3) Kaufungen und Wetter.
4) Spieskappel
5) Nota, das der Römische kunig vom babst und kaiser consens erlangt erstlich den dritten und darnach den viertenteil aller geistlichen ligenden guter erplich zu verkeufen, inmassen den auch gescheen. Von der Hand Bings eingefügt.

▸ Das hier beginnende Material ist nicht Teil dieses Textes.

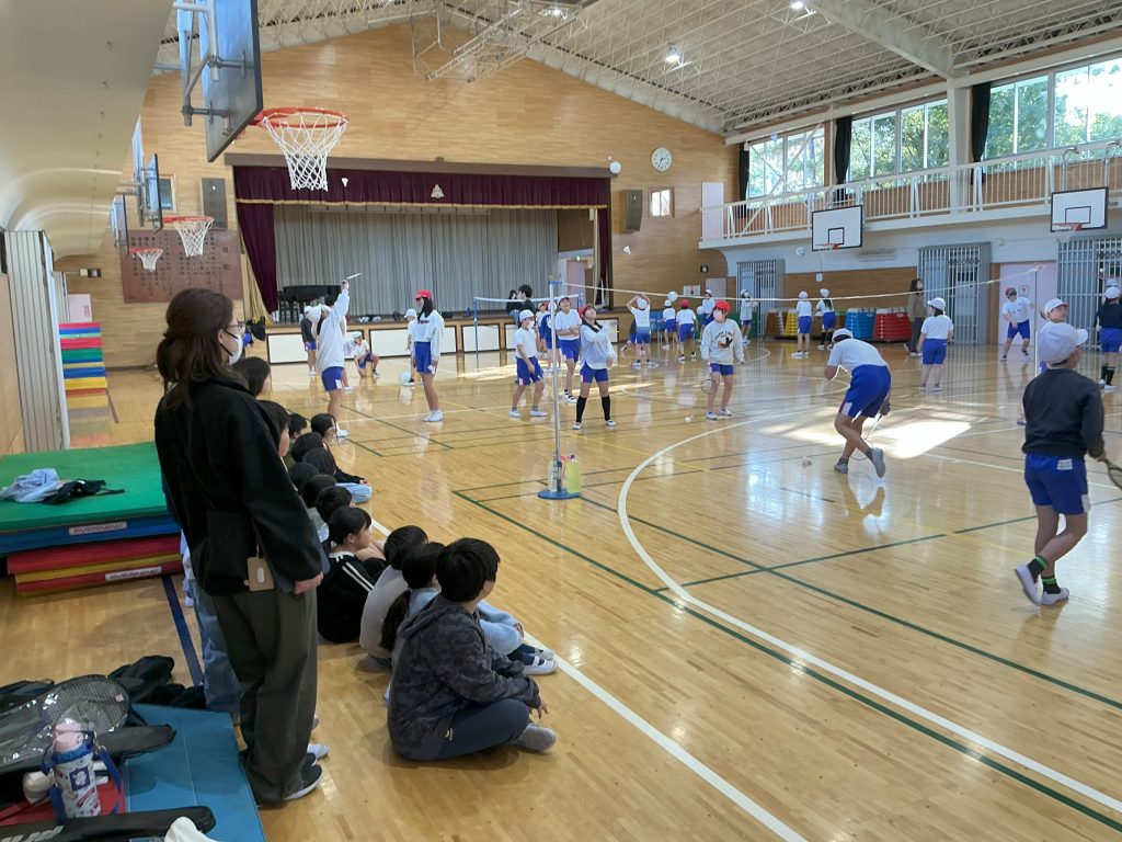 クラスごとに、運動系のクラブとそうでないクラブに分かれて見学しました。写真は体育館の様子です。バドミントン・バレーボール・卓球クラブが活動しています。

6) Adam Krafft schreibt (als Beilage zu dem Schreiben der Räte vom 13. Nov. 1540) dem Landgrafen: Dweile wir die theologen bis anhere nichts haben zue tuen gehabt, ist von allen vor gute angesehen worden, das wir von unsern grunden und probationibus auch des gegenteils objectionibus und wie dieselbigen mochten solide aufgelost werden, uns unterreteten und sein also etliche male bei eine gewesen. Ist candide, docte et humaniter conferirt worden. Und haben articulum iustificationis und applicationem missae pro vivis et mortius exerciert aufs fleissigst und zweifel nicht, es solle deutliche und gewaltliglich von den unsern gehendelt werden. Ob aber adversarii sich wollen der warheit unterwerfen, steht bei gottes gnaden. De votis monasticis haben wir itzo vor henden. Aber das lustigste und frolichste in unserm colloquio ist das, das alle concionatores so gare einig und fridlich sein und nicht als umb ein bare des vorigen dissidii gedacht wurde. In summa, es ist summus consensus in doctrina. Er bittet, E. F. G. wollen den predicanten bevelen, das sie ecclesias anhalten zum gebete. So hoffe ich, got solle viele gnade mitteilen. [ ... ] (PA. 553).